He looked great in spring training and he's looked great so far this season, but what can we expect going forward?

Tom Szczerbowski

It's been a fine week for Yangervis Solarte. After having a wondrous spring and playing well right down to the crunch of roster definition, Solarte has played his way on to the starting lineup and is now a bona fide utility man. It couldn't come at a better time--with Mark Teixeira out for the foreseeable future, he can act as an every day third/second baseman until he returns. This has also been a great victory for the Yankees' front office (so far). Going into a season where they had an aging Derek Jeter, no Alex Rodriguez, and a Mark Teixeira who too is showing his age, the Yankees have managed to find a player who not only can act as a competent utility player, but is also dirt cheap. I've clamored, as well as many other Yankee fans, for the signing of Stephen Drew. The Yankees went on a massive shopping spree this winter but seemingly left the infield to fend for itself. But instead of paying a multi-year contract for Drew which would go at market rate, the Yankees picked up Solarte who is not only cheap, but at this moment has the same fWAR ZiPS projection at 1.5. For all of us that have been pulling for Solarte all spring, this has been a fun week. But what about the many weeks to come?
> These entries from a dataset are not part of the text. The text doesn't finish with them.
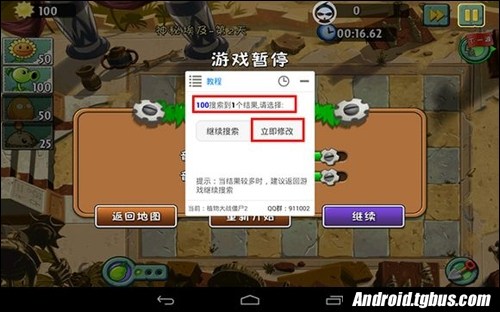 3.點搜索,如果搜索結果較多,就返回游戲,等陽光變化後再搜索。如圖中,變化後,搜索的是100,當前找到了一個結果可以修改了。點擊“立即修改”。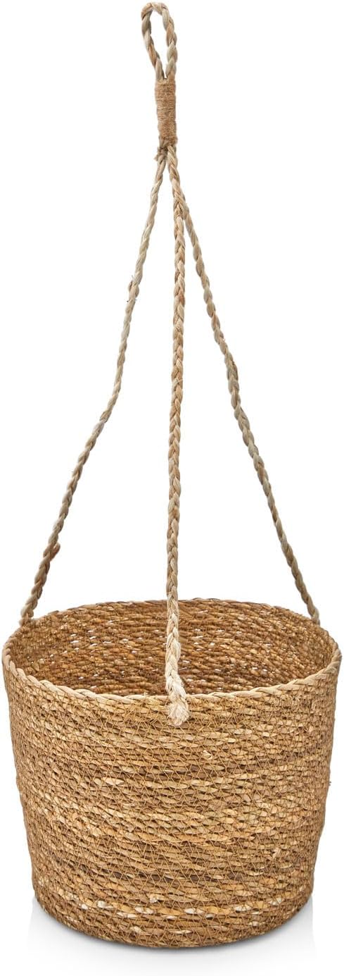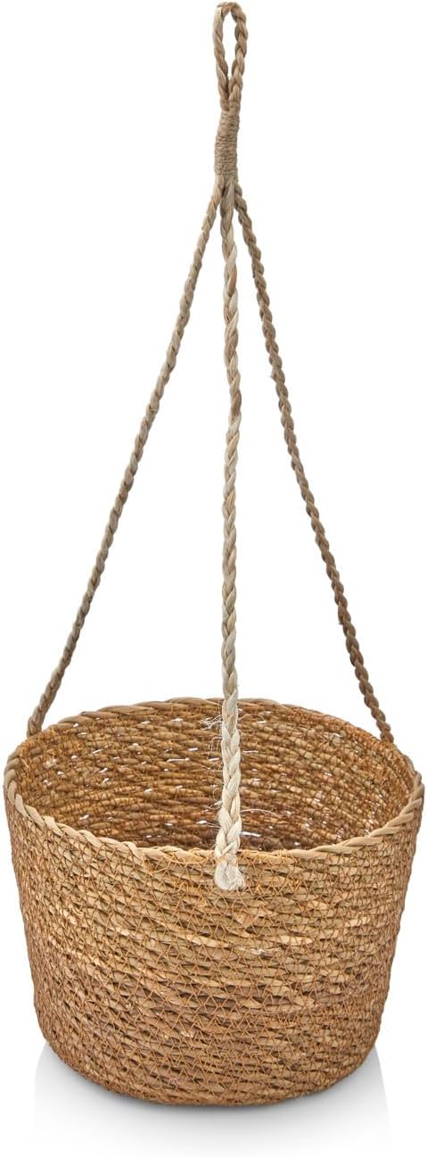 2’li Asılabilir El Yapımı ve Doğal Yuvarlak Hasır Saksılık Seti, 2’li İpli Asılabilir Hasır Yuvarlak Saksı Seti (23cm*18cm-20cm*15cm)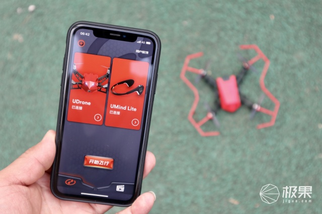 UDrone意念无人机拥有两种操控模式,手机和意念机。手机操控相对比较容易些,而UMindLite意念机刚上手会有点生,需要练习练习熟练后也很简单。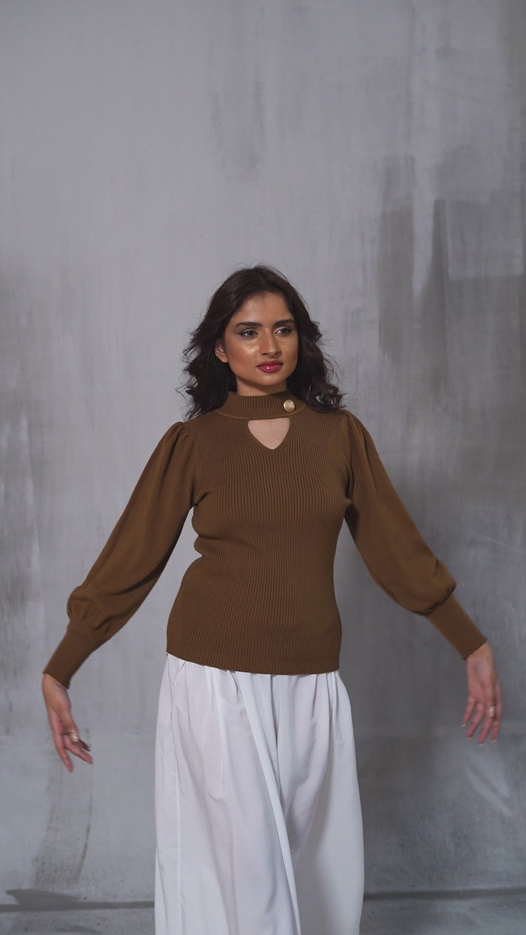 sophisticated mock neck design paired with a stylish keyhole cutout for a modern, eye-catching look.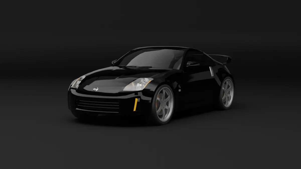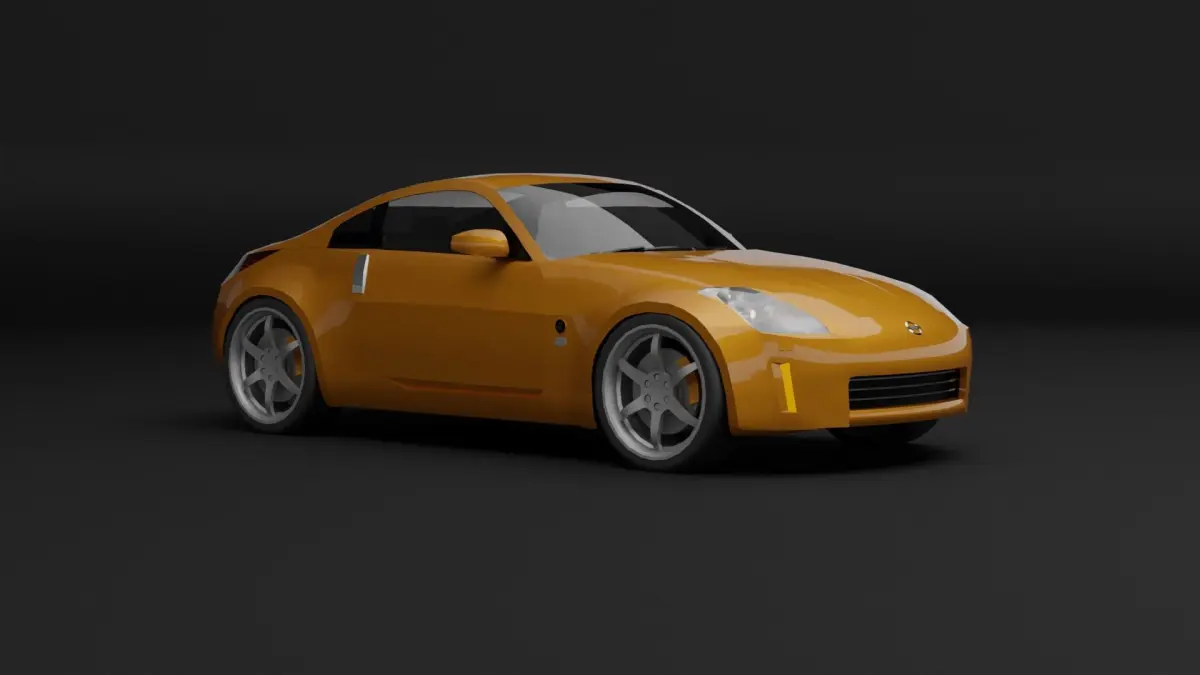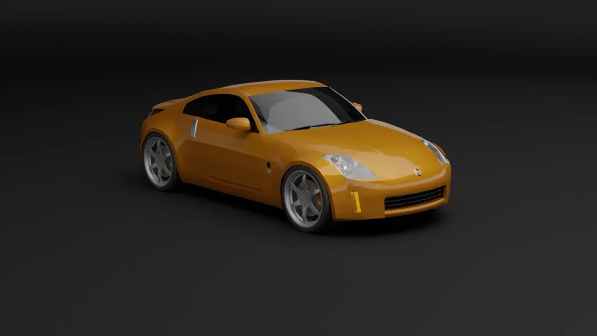 Low poly 3D model of Nissan 350Z sports car. Model based on blueprints and reference images. Car isn't textured, features only blender materials.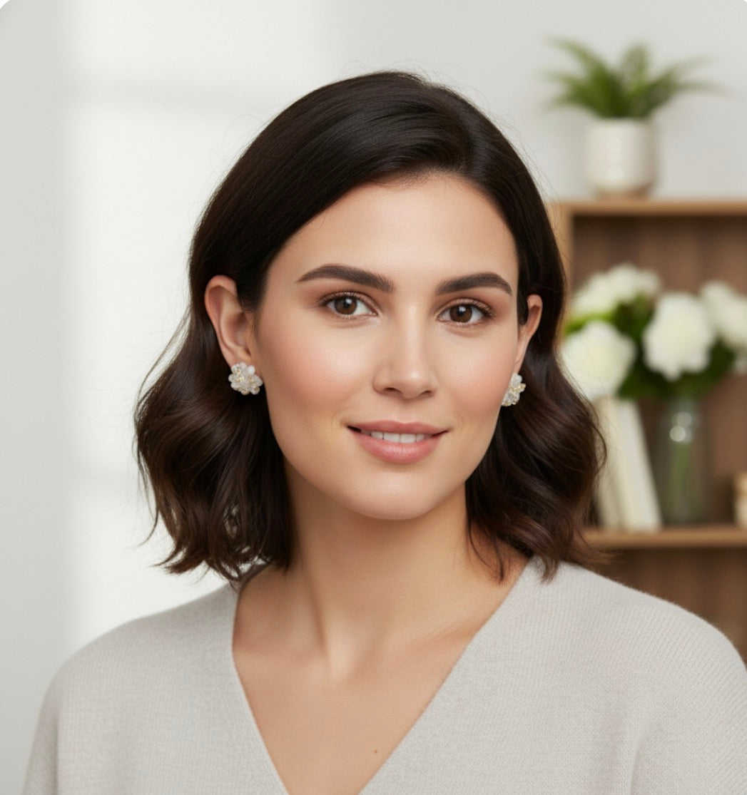 This is a lovely pair of stud earrings with a sophisticated, floral design.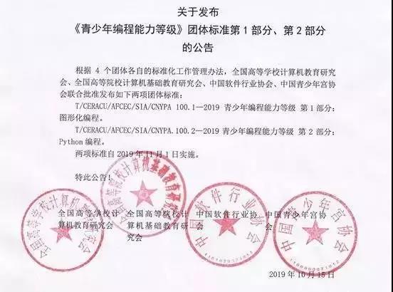 為深入貫徹《新一代人工智能發(fā)展規(guī)劃》、《中國教育現(xiàn)代化2035》中關(guān)于青少年人工智能教育的相關(guān)要求,推動青少年編程教育的普及發(fā)展,支持鼓勵青少年樹立遠大志向,放飛科學(xué)夢想,投身創(chuàng)新實踐,全國高等學(xué)校計算機教育研究會提出了《青少年編程能力等級》系列團體標準研究計劃,并于2019年10月25日順利召開了聯(lián)合發(fā)布會。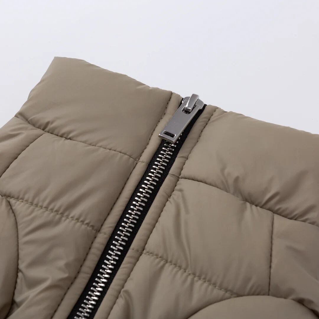 立体的なキルティングが体にフィットし、動きやすさと暖かさを両立した一着です。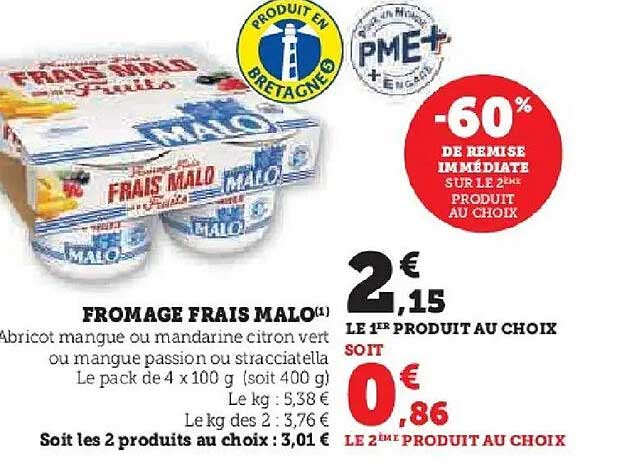 Actuellement proposé à 2,15 € pour le premier produit, le fromage frais Malo, qui a un prix habituel de 5,38 €, vous permet de réaliser des économies significatives. Avec l'offre sur le deuxième produit, vous obtenez ce délice à seulement 0,86 €, faisant ainsi de cette promotion une opportunité à ne pas manquer.
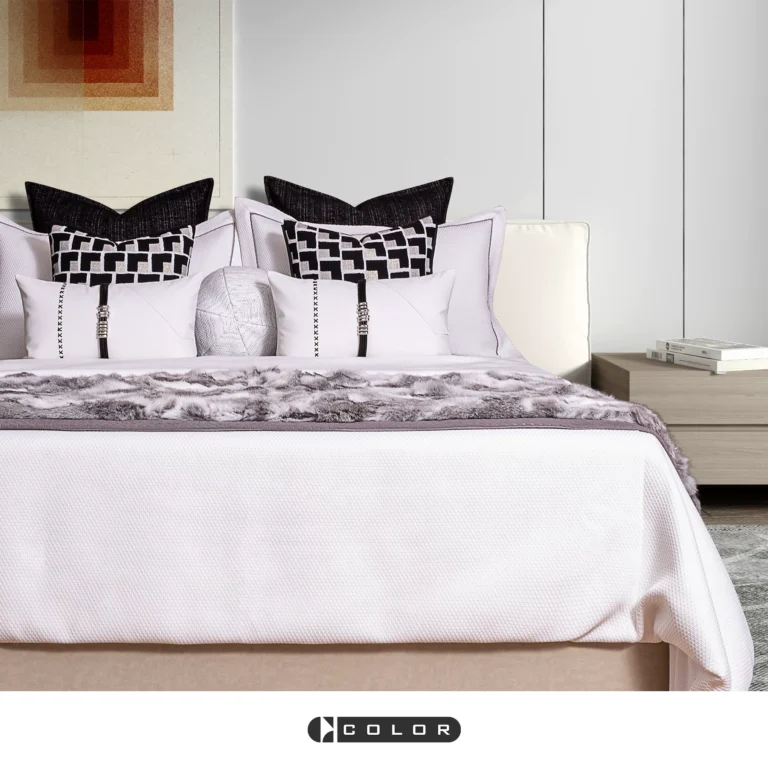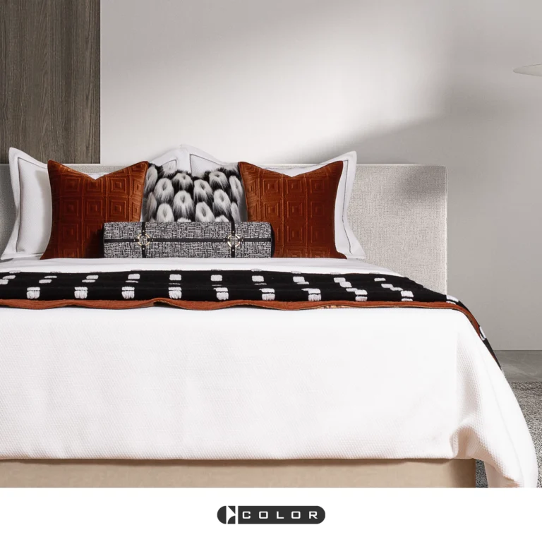 Soft Furnishings for Model Homes: Luxury 4-Piece Bedding Set in Nordic Black, White, and Brown with Gold Accents and Tasseled Pillows

A long, long time ago (in April of last year), Vernon Wells was a starting outfielder for the New York Yankees. And in that month of April, he hit .300/.366/.544 (148 wRC+) with six home runs and four doubles. We all know how that ended. Granted, I don't think Solarte is a Vernon Wells--he has age on his side at 26 and all projection systems point to Solarte being a much better player; Vernon Wells was just clearly defying them. But nonetheless, the God of Regression smites all who are defiant, and Solarte is no exception. Through his 23 PA, he's hit .450/.522/.650 (234 wRC+) and has already accumulated 0.5 fWAR in just six games. The key to this, though, is that his BABIP is at an extremely high mark of .474. I'm clearly looking at a microscopic sample, and it's obviously due to regress. How much? Given his career BABIP in the minors that hovered around .290, I would expect something similar in the future. The projection systems agree, and both ZiPS and Steamer believe he'll fall between .280 and .297. That isn't too bad, considering that would make his total batting line fall at or about 100 wRC+ (plus or minus 10 points). His defense will also fall at or slightly above league average, which again is encouraging considering where we were with utility players last year.

Overall, this week has been encouraging. Instead of being stubborn and holding on to organizational depth that just wasn't working (Eduardo Nunez and Jayson Nix), the Yankees trusted their minor league scouting and scooped up some players like Dean Anna and Yangervis Solarte, players whose combined values would probably fetch ~$20 million given the marginal cost of a win on the free agent market. Solarte is a breath of fresh air, especially coming off a 2013 where no backup alternative in the system could cut it. We should definitely temper our expectations with Solarte--he's no second coming of Derek Jeter--but we should appreciate that he is providing a service that no one on the Yankees could provide just a year ago.